== Task brief ==
Keep the pictures out. Copy every line of the listing exactly.

== The data ==
((
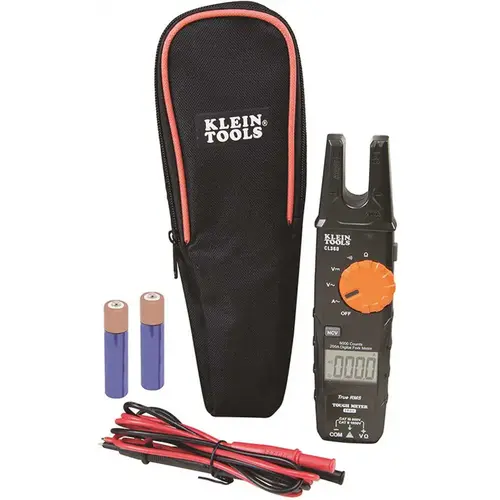 The CL360 Electrical Tester is an automatically ranging true root mean squared (TRMS) digital open jaw fork meter that measures AC current via the fork, AC/DC voltage, continuity, and resistance via test leads. It can detect the presence of voltage via the integrated non-contact voltage (NCV) tester. It includes a carrying case, test leads and 2 x AAA batteries.
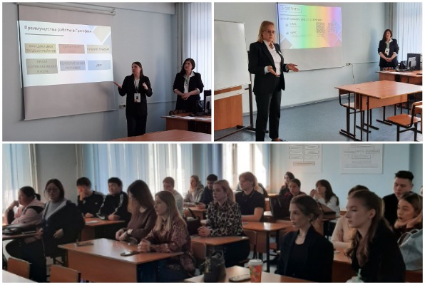 Сегодня состоялась встреча студентов 2, 3 и 4 курса направления подготовки 09.03.03 «Прикладная информатика» с представителями компании ООО «ГУГОЛ»: Радайкиной Натальей Викторовной и Поляковым Александром Константиновичем. Компания «ГУГОЛ» является крупнейшим оператором спутникового мониторинга транспорта на территории Восточной Сибири. Предприятие реализовывало проекты для крупнейших логистических компаний, сельхозпроизводителей, предприятий дорожного строительства, горно-, золотодобывающей промышленности и производителей потребительских товаров. Компания является официальным партнером и дистрибьютором ведущих российских производителей оборудования и программного обеспечения. В рамках встречи гости рассказали о компании, видах деятельности, принципах работы, внутренней культуре. Далее мероприятие было выстроено в виде диалога. Ребята задавали много интересующих их вопросов, например, можно ли устроиться на половину рабочего дня, чтобы совмещать работу с учебой, какие IT-инструменты предоставляет компания для работы, можно ли работать дистанционно, какие проекты были реализованы компанией, какова система поощрения и др. На все свои вопросы ребята получили развёрнутые ответы. Представители компании имеют опыт работы со студентами и заинтересованы в дальнейшем сотрудничестве.
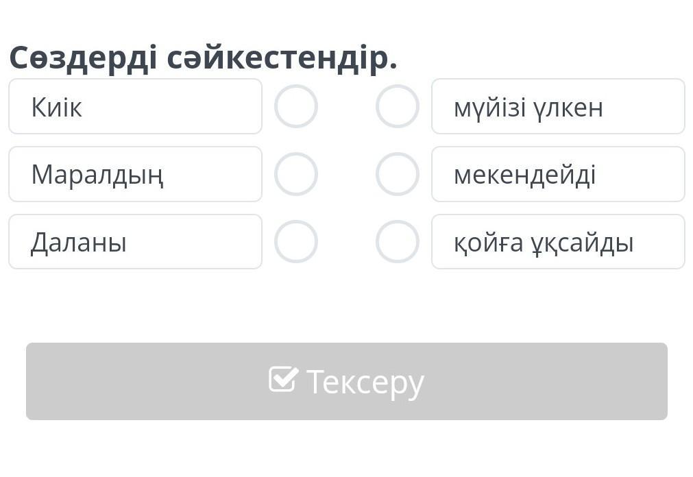 Бұл жауап дұрыс. Себебі, киік мүйізі үлкен деп айту қиын, олай айту үшін, киіктің мүйізі үлкен деп айтқанымыз жөн. Киік мекендейді деп те айту қиын, олай айту үшін, киік даланы мекендейді деп айтуымыз қажет. Сол себепті, киік - қойға ұқсайды деген тұжырым дұрыс. Маралдың қойға ұқсайды деп айта алмаймыз, маралдың мекендейді деп те айту қиын.Сол себепті, маралдың мүйізі үлкен деп айту ұйқасып тұр. Даланы мүйізі үлкен деп айта алмаймыз, даланы қойға ұқсайды деп те айталмаймыз. Сол себепті, даланы мекендейді деген жауап дұрыс.
))
== Response to this exercise ==
 The CL360 Electrical Tester is an automatically ranging true root mean squared (TRMS) digital open jaw fork meter that measures AC current via the fork, AC/DC voltage, continuity, and resistance via test leads. It can detect the presence of voltage via the integrated non-contact voltage (NCV) tester. It includes a carrying case, test leads and 2 x AAA batteries.
 Сегодня состоялась встреча студентов 2, 3 и 4 курса направления подготовки 09.03.03 «Прикладная информатика» с представителями компании ООО «ГУГОЛ»: Радайкиной Натальей Викторовной и Поляковым Александром Константиновичем. Компания «ГУГОЛ» является крупнейшим оператором спутникового мониторинга транспорта на территории Восточной Сибири. Предприятие реализовывало проекты для крупнейших логистических компаний, сельхозпроизводителей, предприятий дорожного строительства, горно-, золотодобывающей промышленности и производителей потребительских товаров. Компания является официальным партнером и дистрибьютором ведущих российских производителей оборудования и программного обеспечения. В рамках встречи гости рассказали о компании, видах деятельности, принципах работы, внутренней культуре. Далее мероприятие было выстроено в виде диалога. Ребята задавали много интересующих их вопросов, например, можно ли устроиться на половину рабочего дня, чтобы совмещать работу с учебой, какие IT-инструменты предоставляет компания для работы, можно ли работать дистанционно, какие проекты были реализованы компанией, какова система поощрения и др. На все свои вопросы ребята получили развёрнутые ответы. Представители компании имеют опыт работы со студентами и заинтересованы в дальнейшем сотрудничестве.
 Бұл жауап дұрыс. Себебі, киік мүйізі үлкен деп айту қиын, олай айту үшін, киіктің мүйізі үлкен деп айтқанымыз жөн. Киік мекендейді деп те айту қиын, олай айту үшін, киік даланы мекендейді деп айтуымыз қажет. Сол себепті, киік - қойға ұқсайды деген тұжырым дұрыс. Маралдың қойға ұқсайды деп айта алмаймыз, маралдың мекендейді деп те айту қиын.Сол себепті, маралдың мүйізі үлкен деп айту ұйқасып тұр. Даланы мүйізі үлкен деп айта алмаймыз, даланы қойға ұқсайды деп те айталмаймыз. Сол себепті, даланы мекендейді деген жауап дұрыс.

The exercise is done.